**DIRECTIONS**
Exactly as written, please set down all of the entries again, with no pictures.

[Recorded data]
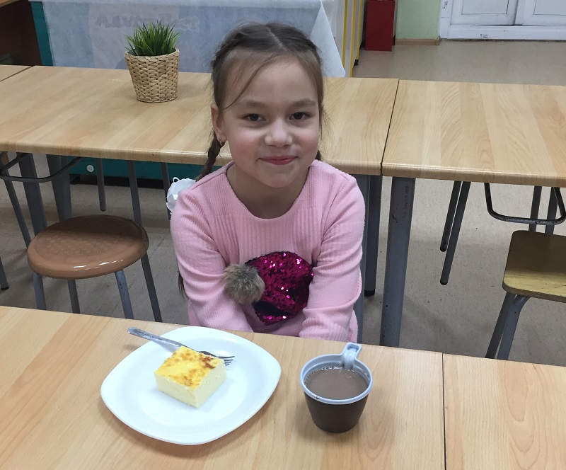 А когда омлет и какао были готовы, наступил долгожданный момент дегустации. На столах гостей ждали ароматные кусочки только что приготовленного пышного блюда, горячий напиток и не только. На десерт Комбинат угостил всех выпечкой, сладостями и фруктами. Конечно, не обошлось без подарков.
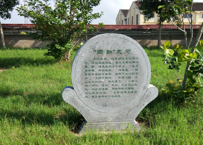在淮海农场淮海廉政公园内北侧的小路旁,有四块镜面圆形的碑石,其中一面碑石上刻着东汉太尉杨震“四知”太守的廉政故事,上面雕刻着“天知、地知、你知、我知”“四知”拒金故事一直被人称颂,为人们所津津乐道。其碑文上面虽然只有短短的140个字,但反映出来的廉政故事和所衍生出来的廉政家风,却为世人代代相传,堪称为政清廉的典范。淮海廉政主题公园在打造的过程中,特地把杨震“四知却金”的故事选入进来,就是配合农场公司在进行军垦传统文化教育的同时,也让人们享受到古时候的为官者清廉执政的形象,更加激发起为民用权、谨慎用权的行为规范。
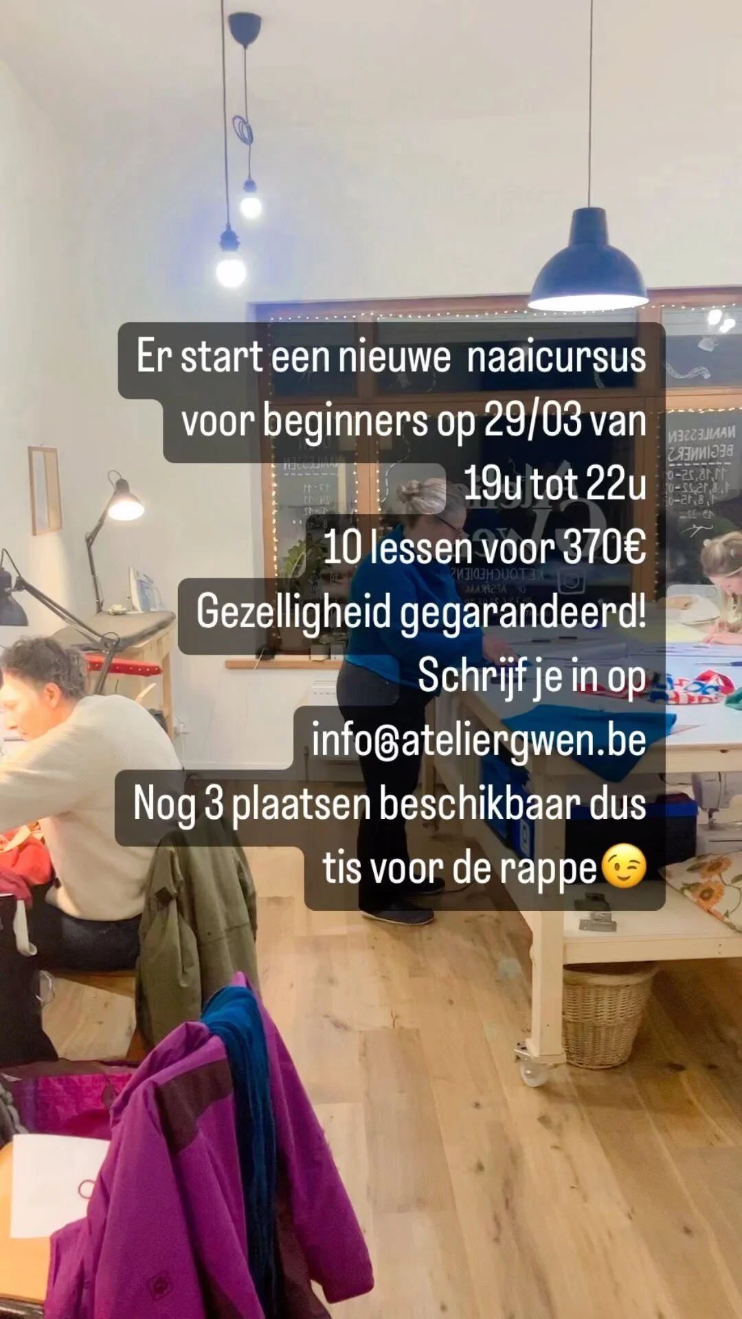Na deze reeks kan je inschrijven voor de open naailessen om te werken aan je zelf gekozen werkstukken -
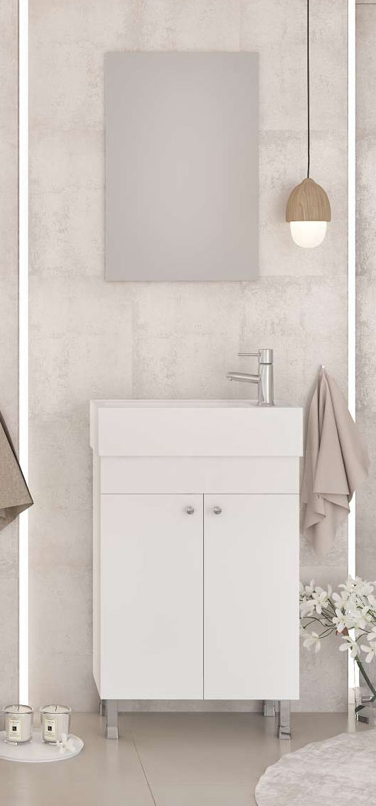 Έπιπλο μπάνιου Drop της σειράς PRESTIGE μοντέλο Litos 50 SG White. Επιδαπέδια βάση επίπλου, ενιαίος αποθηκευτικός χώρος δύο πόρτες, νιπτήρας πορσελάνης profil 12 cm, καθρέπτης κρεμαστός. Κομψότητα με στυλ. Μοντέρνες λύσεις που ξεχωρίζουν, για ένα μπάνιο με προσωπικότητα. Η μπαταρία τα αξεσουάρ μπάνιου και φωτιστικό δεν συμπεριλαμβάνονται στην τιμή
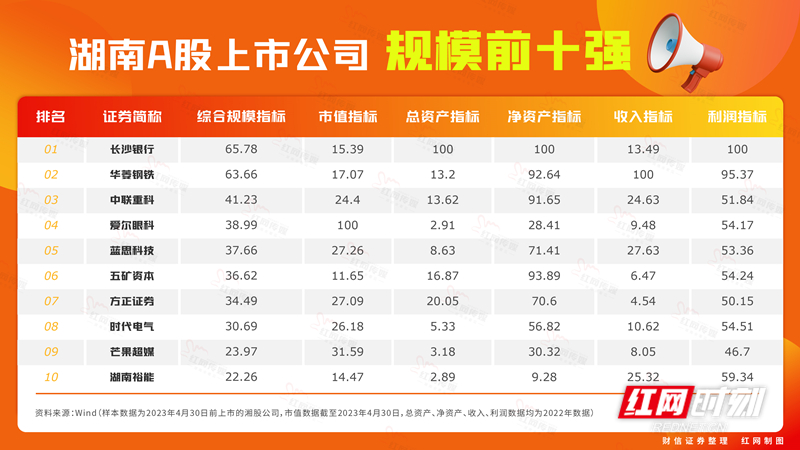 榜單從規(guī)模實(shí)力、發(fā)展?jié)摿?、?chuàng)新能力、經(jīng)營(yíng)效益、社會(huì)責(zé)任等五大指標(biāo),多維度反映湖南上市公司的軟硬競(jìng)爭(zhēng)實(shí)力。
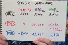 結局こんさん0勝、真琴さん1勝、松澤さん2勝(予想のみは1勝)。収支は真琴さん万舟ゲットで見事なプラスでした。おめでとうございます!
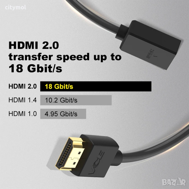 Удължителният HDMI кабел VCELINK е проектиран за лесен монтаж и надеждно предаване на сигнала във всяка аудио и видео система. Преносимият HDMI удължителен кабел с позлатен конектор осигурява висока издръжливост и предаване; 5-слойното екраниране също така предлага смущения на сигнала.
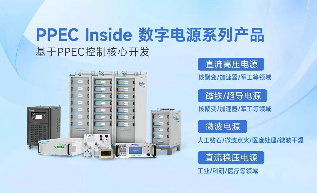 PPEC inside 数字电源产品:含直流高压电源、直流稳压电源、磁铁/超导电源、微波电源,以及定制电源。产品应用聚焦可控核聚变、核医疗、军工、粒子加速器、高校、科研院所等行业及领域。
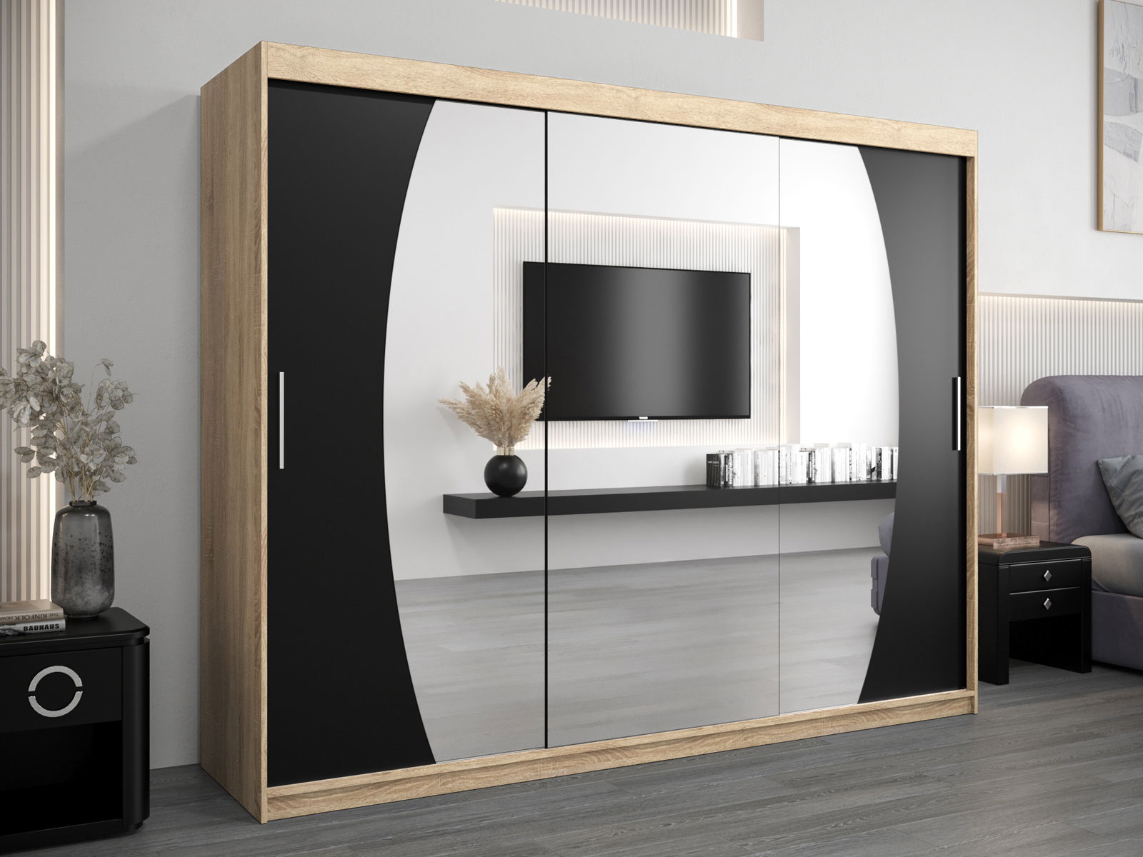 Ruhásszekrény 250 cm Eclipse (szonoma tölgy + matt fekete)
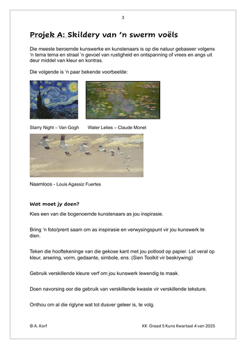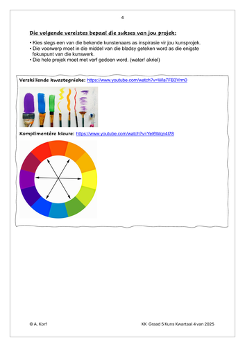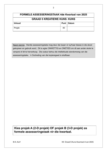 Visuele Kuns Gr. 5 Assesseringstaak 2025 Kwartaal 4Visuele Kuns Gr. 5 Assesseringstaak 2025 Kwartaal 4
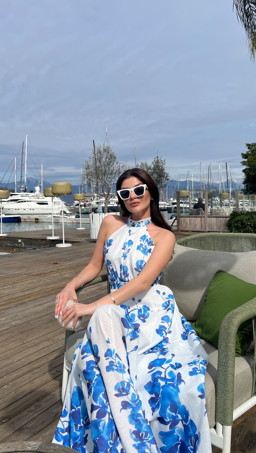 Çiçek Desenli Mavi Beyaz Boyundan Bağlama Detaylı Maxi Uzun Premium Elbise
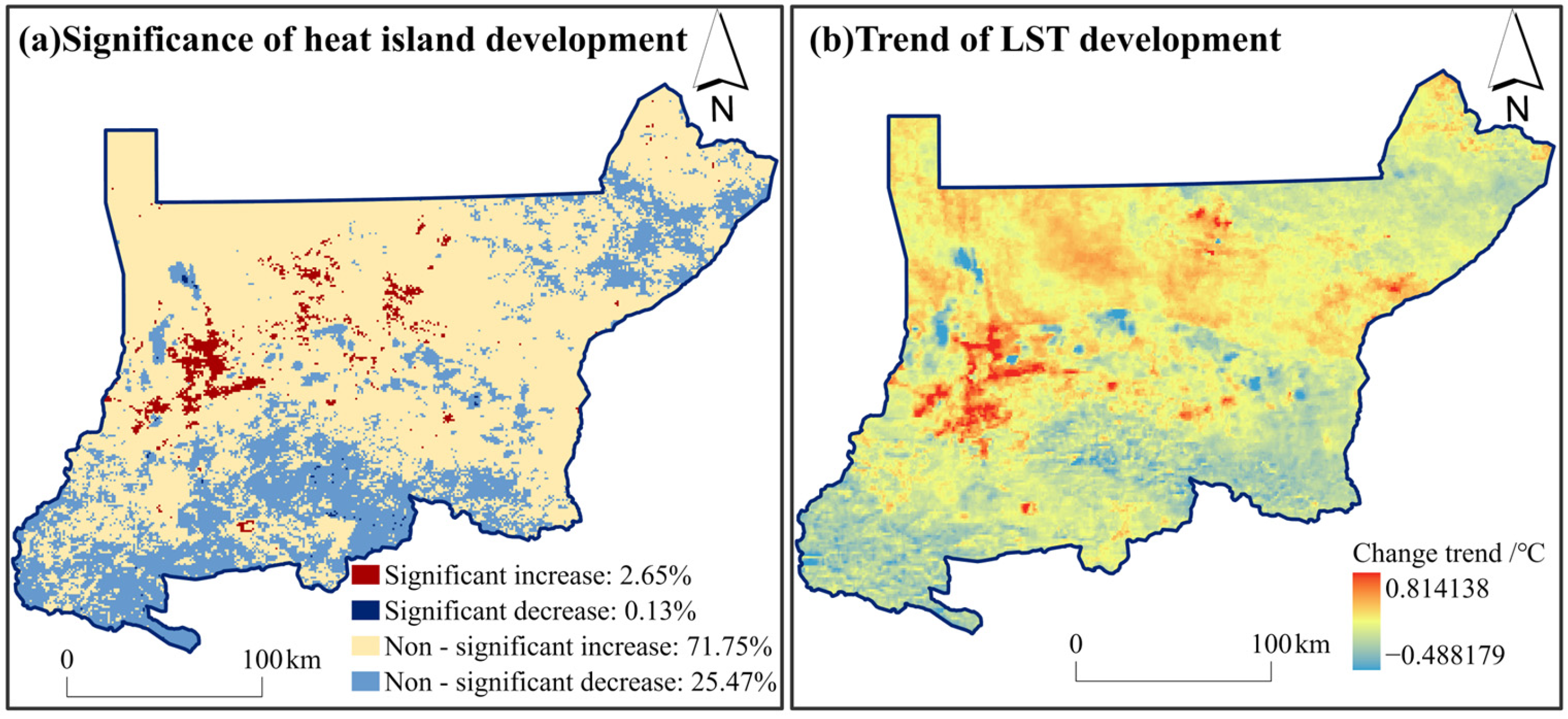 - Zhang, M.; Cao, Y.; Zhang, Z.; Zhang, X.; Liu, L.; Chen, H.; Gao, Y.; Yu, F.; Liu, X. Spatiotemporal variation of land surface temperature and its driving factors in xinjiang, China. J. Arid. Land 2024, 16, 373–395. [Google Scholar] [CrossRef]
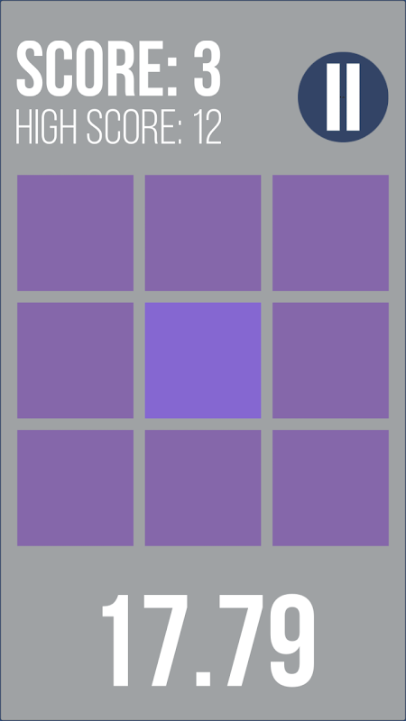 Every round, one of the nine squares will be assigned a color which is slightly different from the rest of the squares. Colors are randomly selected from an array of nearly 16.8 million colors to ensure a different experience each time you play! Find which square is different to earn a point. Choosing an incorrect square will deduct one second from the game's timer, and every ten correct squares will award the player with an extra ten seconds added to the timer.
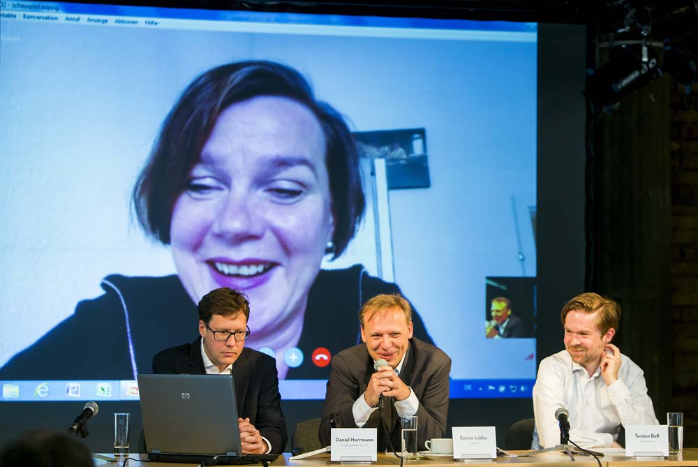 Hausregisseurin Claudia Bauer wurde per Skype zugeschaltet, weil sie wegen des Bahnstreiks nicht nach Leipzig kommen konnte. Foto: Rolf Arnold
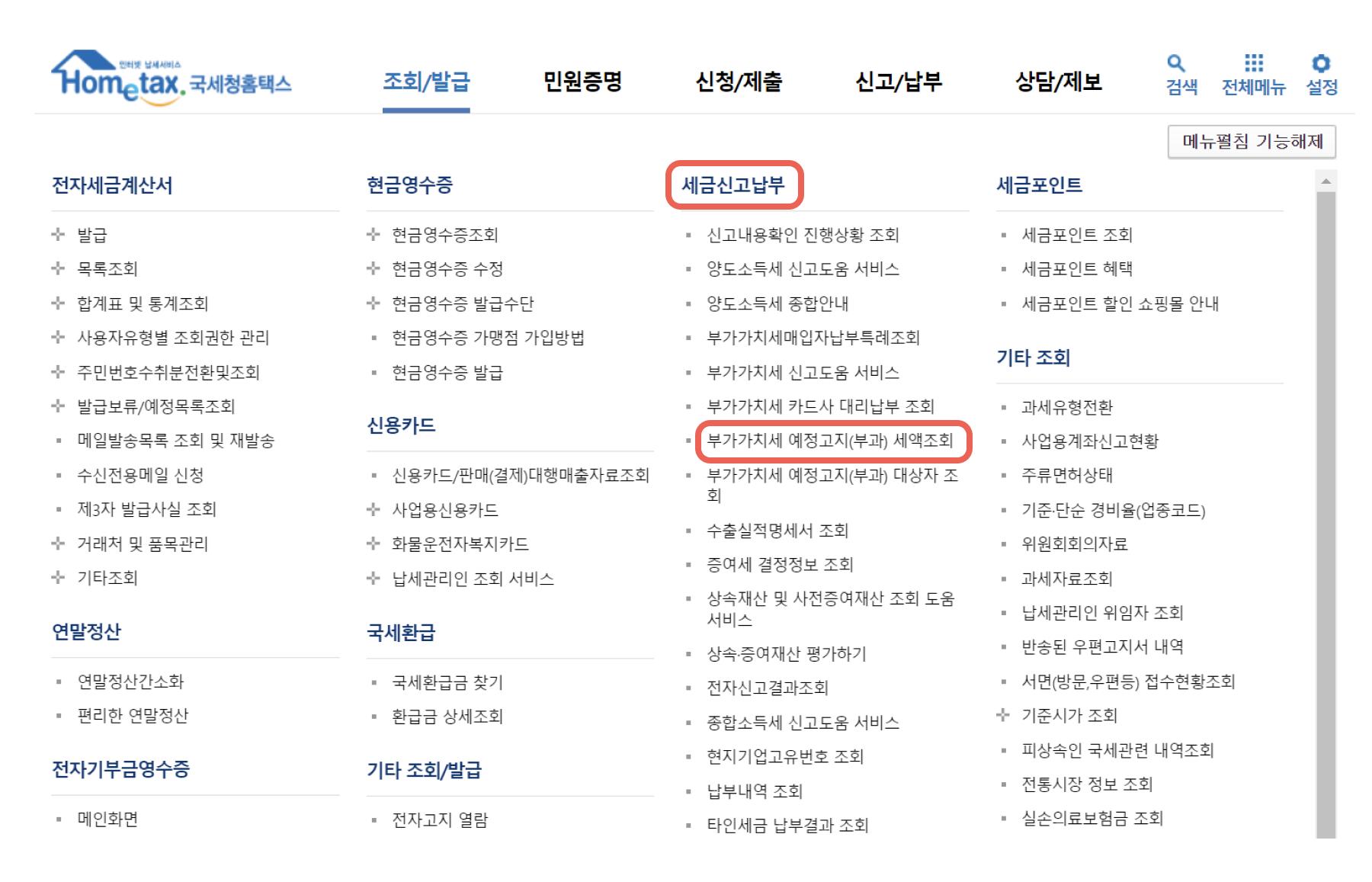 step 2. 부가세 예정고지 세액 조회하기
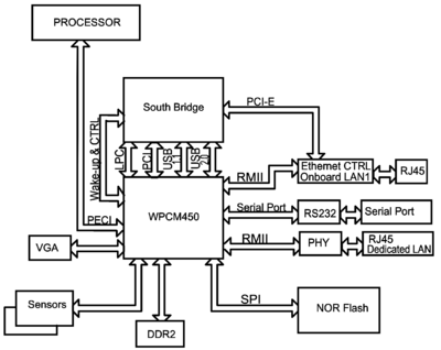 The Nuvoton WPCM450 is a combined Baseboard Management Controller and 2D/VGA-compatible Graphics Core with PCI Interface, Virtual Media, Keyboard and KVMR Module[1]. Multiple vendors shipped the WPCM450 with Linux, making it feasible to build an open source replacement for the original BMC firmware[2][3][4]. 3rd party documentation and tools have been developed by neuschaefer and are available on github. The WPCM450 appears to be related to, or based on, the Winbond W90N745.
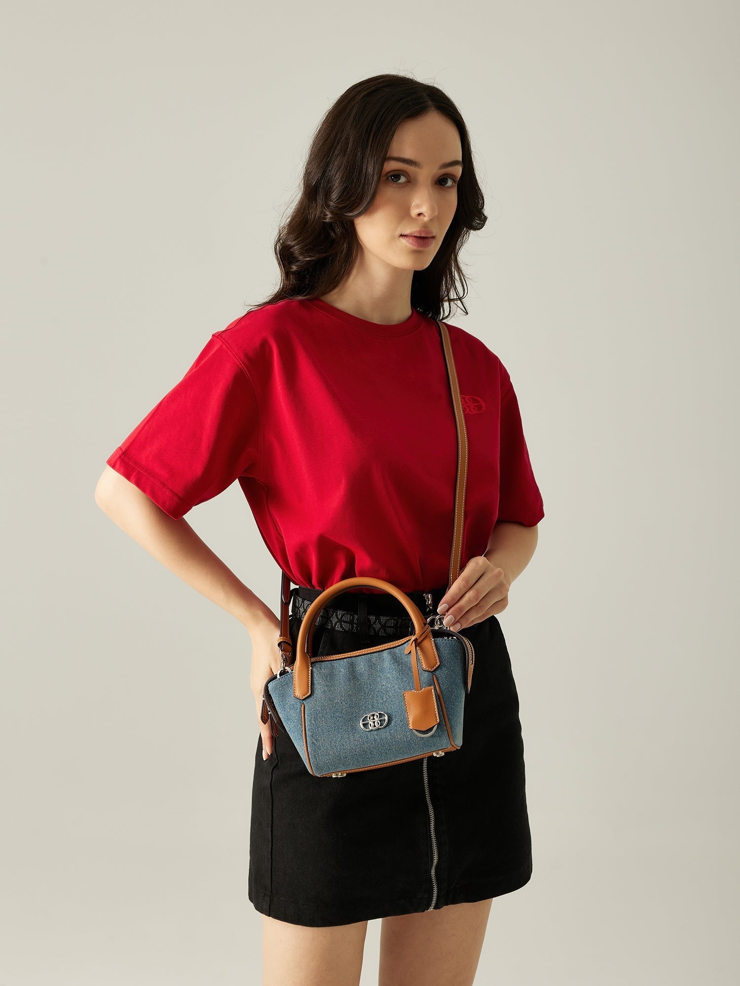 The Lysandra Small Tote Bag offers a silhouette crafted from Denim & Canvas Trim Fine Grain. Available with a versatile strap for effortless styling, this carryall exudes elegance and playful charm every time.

**THE COMPLETED TASK**
 А когда омлет и какао были готовы, наступил долгожданный момент дегустации. На столах гостей ждали ароматные кусочки только что приготовленного пышного блюда, горячий напиток и не только. На десерт Комбинат угостил всех выпечкой, сладостями и фруктами. Конечно, не обошлось без подарков.
在淮海农场淮海廉政公园内北侧的小路旁,有四块镜面圆形的碑石,其中一面碑石上刻着东汉太尉杨震“四知”太守的廉政故事,上面雕刻着“天知、地知、你知、我知”“四知”拒金故事一直被人称颂,为人们所津津乐道。其碑文上面虽然只有短短的140个字,但反映出来的廉政故事和所衍生出来的廉政家风,却为世人代代相传,堪称为政清廉的典范。淮海廉政主题公园在打造的过程中,特地把杨震“四知却金”的故事选入进来,就是配合农场公司在进行军垦传统文化教育的同时,也让人们享受到古时候的为官者清廉执政的形象,更加激发起为民用权、谨慎用权的行为规范。
Na deze reeks kan je inschrijven voor de open naailessen om te werken aan je zelf gekozen werkstukken -
 Έπιπλο μπάνιου Drop της σειράς PRESTIGE μοντέλο Litos 50 SG White. Επιδαπέδια βάση επίπλου, ενιαίος αποθηκευτικός χώρος δύο πόρτες, νιπτήρας πορσελάνης profil 12 cm, καθρέπτης κρεμαστός. Κομψότητα με στυλ. Μοντέρνες λύσεις που ξεχωρίζουν, για ένα μπάνιο με προσωπικότητα. Η μπαταρία τα αξεσουάρ μπάνιου και φωτιστικό δεν συμπεριλαμβάνονται στην τιμή
 榜單從規(guī)模實(shí)力、發(fā)展?jié)摿?、?chuàng)新能力、經(jīng)營(yíng)效益、社會(huì)責(zé)任等五大指標(biāo),多維度反映湖南上市公司的軟硬競(jìng)爭(zhēng)實(shí)力。
 結局こんさん0勝、真琴さん1勝、松澤さん2勝(予想のみは1勝)。収支は真琴さん万舟ゲットで見事なプラスでした。おめでとうございます!
 Удължителният HDMI кабел VCELINK е проектиран за лесен монтаж и надеждно предаване на сигнала във всяка аудио и видео система. Преносимият HDMI удължителен кабел с позлатен конектор осигурява висока издръжливост и предаване; 5-слойното екраниране също така предлага смущения на сигнала.
 PPEC inside 数字电源产品:含直流高压电源、直流稳压电源、磁铁/超导电源、微波电源,以及定制电源。产品应用聚焦可控核聚变、核医疗、军工、粒子加速器、高校、科研院所等行业及领域。
 Ruhásszekrény 250 cm Eclipse (szonoma tölgy + matt fekete)
 Visuele Kuns Gr. 5 Assesseringstaak 2025 Kwartaal 4Visuele Kuns Gr. 5 Assesseringstaak 2025 Kwartaal 4
 Çiçek Desenli Mavi Beyaz Boyundan Bağlama Detaylı Maxi Uzun Premium Elbise
 - Zhang, M.; Cao, Y.; Zhang, Z.; Zhang, X.; Liu, L.; Chen, H.; Gao, Y.; Yu, F.; Liu, X. Spatiotemporal variation of land surface temperature and its driving factors in xinjiang, China. J. Arid. Land 2024, 16, 373–395. [Google Scholar] [CrossRef]
 Every round, one of the nine squares will be assigned a color which is slightly different from the rest of the squares. Colors are randomly selected from an array of nearly 16.8 million colors to ensure a different experience each time you play! Find which square is different to earn a point. Choosing an incorrect square will deduct one second from the game's timer, and every ten correct squares will award the player with an extra ten seconds added to the timer.
 Hausregisseurin Claudia Bauer wurde per Skype zugeschaltet, weil sie wegen des Bahnstreiks nicht nach Leipzig kommen konnte. Foto: Rolf Arnold
 step 2. 부가세 예정고지 세액 조회하기
 The Nuvoton WPCM450 is a combined Baseboard Management Controller and 2D/VGA-compatible Graphics Core with PCI Interface, Virtual Media, Keyboard and KVMR Module[1]. Multiple vendors shipped the WPCM450 with Linux, making it feasible to build an open source replacement for the original BMC firmware[2][3][4]. 3rd party documentation and tools have been developed by neuschaefer and are available on github. The WPCM450 appears to be related to, or based on, the Winbond W90N745.
 The Lysandra Small Tote Bag offers a silhouette crafted from Denim & Canvas Trim Fine Grain. Available with a versatile strap for effortless styling, this carryall exudes elegance and playful charm every time.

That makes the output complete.